B) Respondent’s submissions
 Ms. Laperle, for the respondent, acknowledges that the MEA does not control the work places at the port, but maintains that the MEA cannot avoid the duties of an employer as set out in the Code. Ms. Laperle believes that those duties must be assumed jointly and severally by the employers and the MEA. In support of that argument, Ms. Laperle refers to the decision of the Federal Court in Maritime Employers’ Association v. Syndicat des Débardeurs, C.U.P.E. Local 375 above and the definition of “employer” in subsection 122(1) of the Code. Ms. Laperle also refers to the fact that MEA representatives do intervene when decisions are made regarding the health and safety of longshoremen, as occurred when P. Chartrand and M. Dupuis refused to work on June 22, 2009.
 In support of P. Chartrand and M. Dupuis’ refusal to wear cartridge-equipped masks or continue operating their cranes on the night of June 22, 2009, even in rotation with other crane operators, Ms. Laperle called C. Denis to testify. I accept the following from his testimony.
 C. Denis testifies that he has been a longshoreman at thePort ofMontreal since 1986. During that time, he has been a gantry crane operator for eight years and has also worked as a signaller.
 C. Denis states that he tried, while operating a crane, the kind of cartridge-equipped mask that was provided to P. Chartrand and M. Dupuis on June 22, 2009. C. Denis states that, as a result of the cartridges and the fact that the mask completely covered the lower part of his face, he could no longer see the container being moved, and the signaller could no longer hear what he was trying to say over the radio. Not being able to see his manoeuvres clearly and not being able to communicate with his co-workers in the ship’s hold or on the quay, which is crucial to performing the work of a crane operator safely, C. Denis refused to continue wearing the mask.
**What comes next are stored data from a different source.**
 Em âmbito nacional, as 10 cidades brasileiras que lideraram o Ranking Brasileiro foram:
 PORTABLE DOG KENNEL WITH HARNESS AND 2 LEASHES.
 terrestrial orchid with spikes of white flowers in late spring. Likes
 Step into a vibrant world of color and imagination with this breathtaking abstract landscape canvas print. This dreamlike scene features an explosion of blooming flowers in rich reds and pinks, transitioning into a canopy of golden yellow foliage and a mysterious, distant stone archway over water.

 C. Denis also states that a gantry crane operator uses the window at his feet to ensure the correct manoeuvring and positioning of each container in the ship’s hold or on the truck, approximately35 metres below. Since the crane operator is a number of metres above the containers being moved and each container must be placed on the truck within inches of accuracy, the operator must focus completely on and be able to clearly see the manoeuvres being performed. C. Denis further states that both hands are used to work the controls of a gantry crane. C. Denis therefore believes that good physical coordination is essential. C. Denis states that, for those reasons, a responsible crane operator will not operate a crane while having headaches, nausea or tremors. Having experienced it himself, C. Denis believes that, when a crane operator starts to have those symptoms, he feels unwell and can no longer concentrate or operate the crane safely. Even though, to C. Denis’ knowledge, such an accident has never occurred when smoke from a ship has entered a crane cab, he believes that working in such conditions creates the risk that a crane operator will feel those symptoms and have difficulty manoeuvring the crane, potentially causing injury to workers in the ship’s hold or on the quay, for example, when the containers move to within1 metre of those workers or are stacked improperly on the ship or truck.
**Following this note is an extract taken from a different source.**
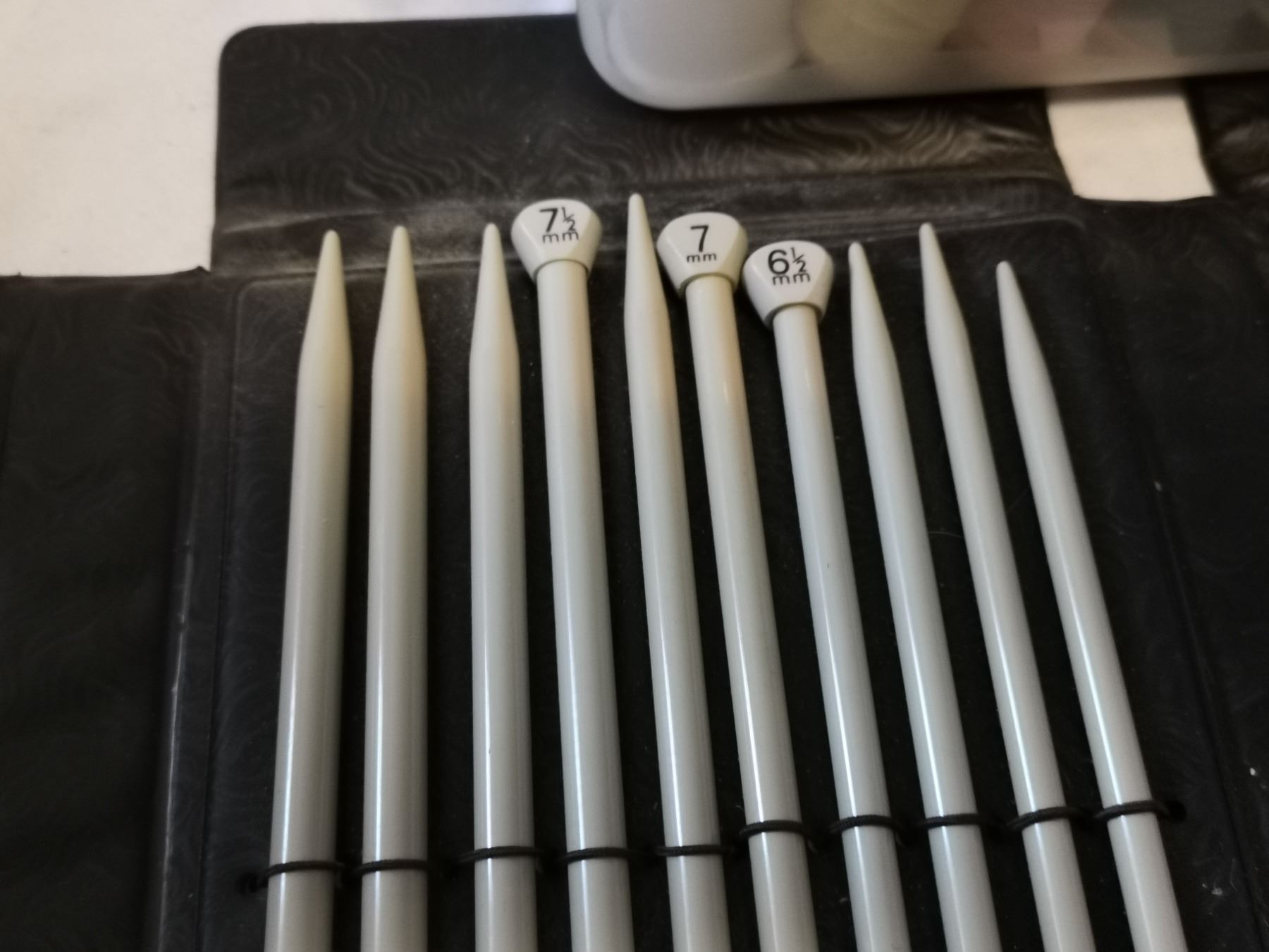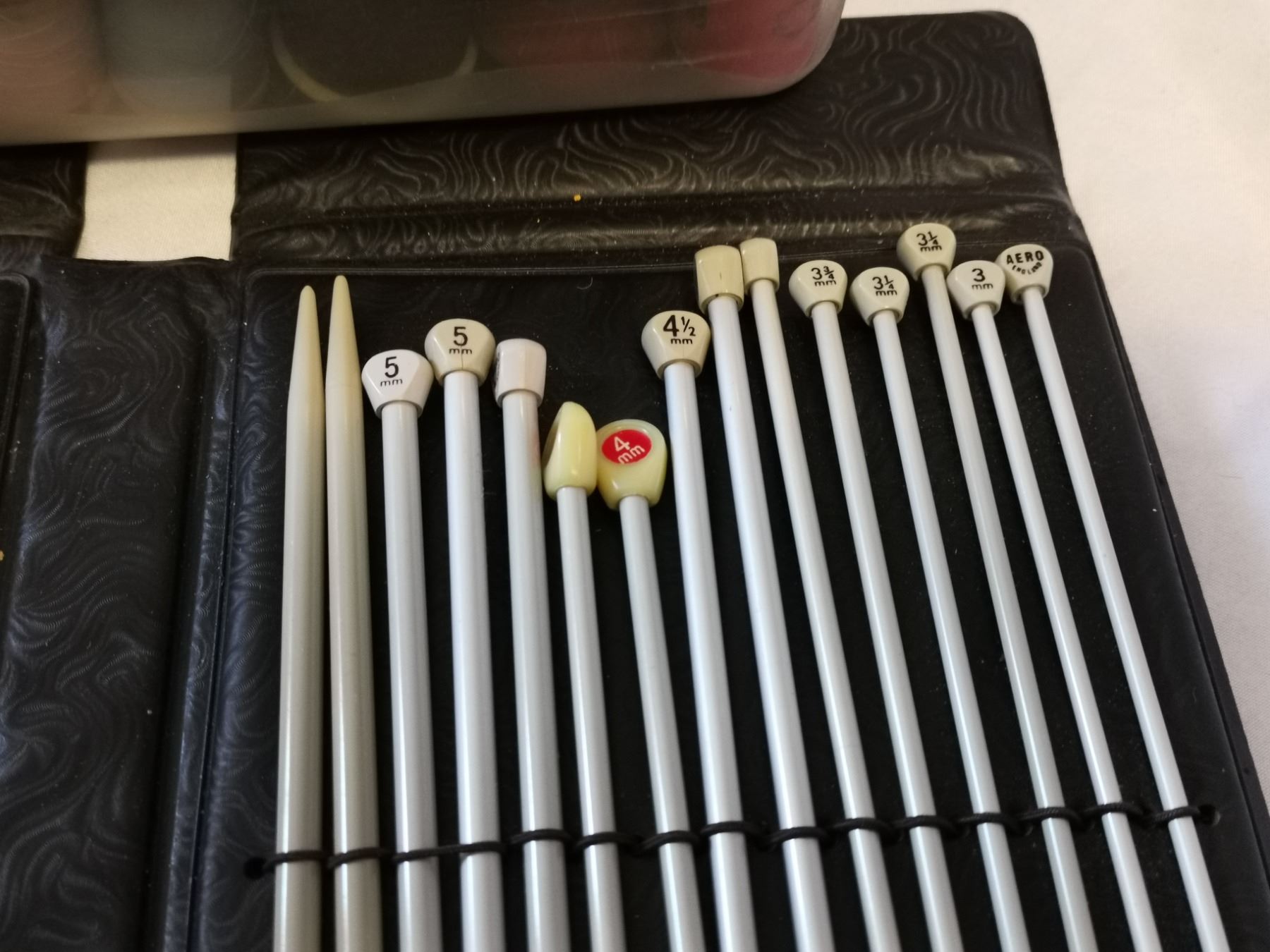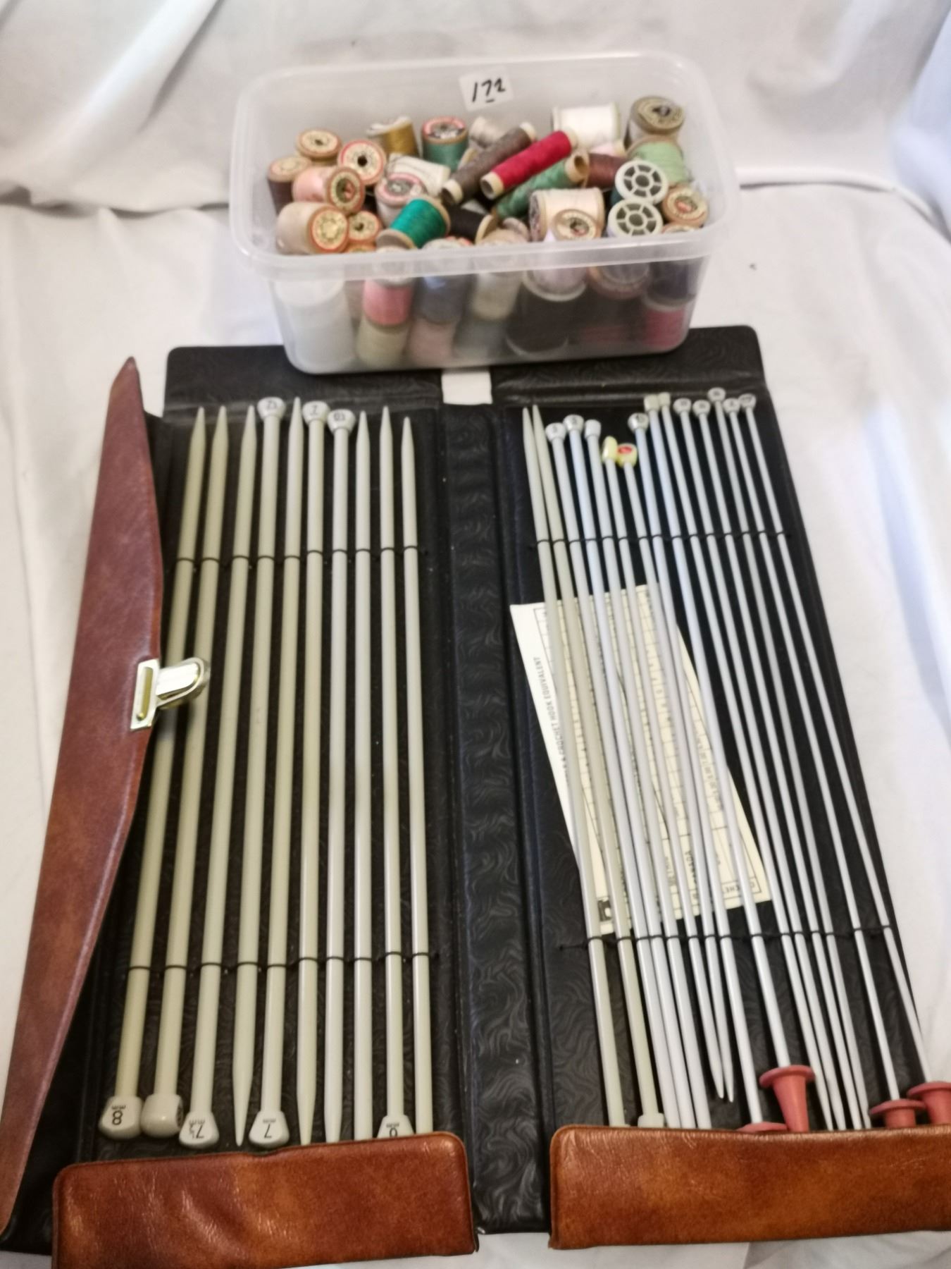 Full Set of Older Knitting Needles, Assorted Thread Spools

 On the basis of that evidence and the fact that the smoke from the MSC Hailey was entering the crane cabs, Ms. Laperle maintains that, even if the symptoms that P. Chartrand and M. Dupuis claim to have had when they refused to work were to have no long-term effect on their health, the two workers acted responsibly by refusing to operate their cranes under those conditions. Ms. Laperle believes that their actions prevented a situation in which their reflexes would have been affected, potentially resulting in injury to those working in the ship’s holds or on the quay.
 For those reasons, Ms. Laperle argues that the HSO Briffaud’s direction on June 22, 2009, should be upheld and should be addressed to Termont and the MEA.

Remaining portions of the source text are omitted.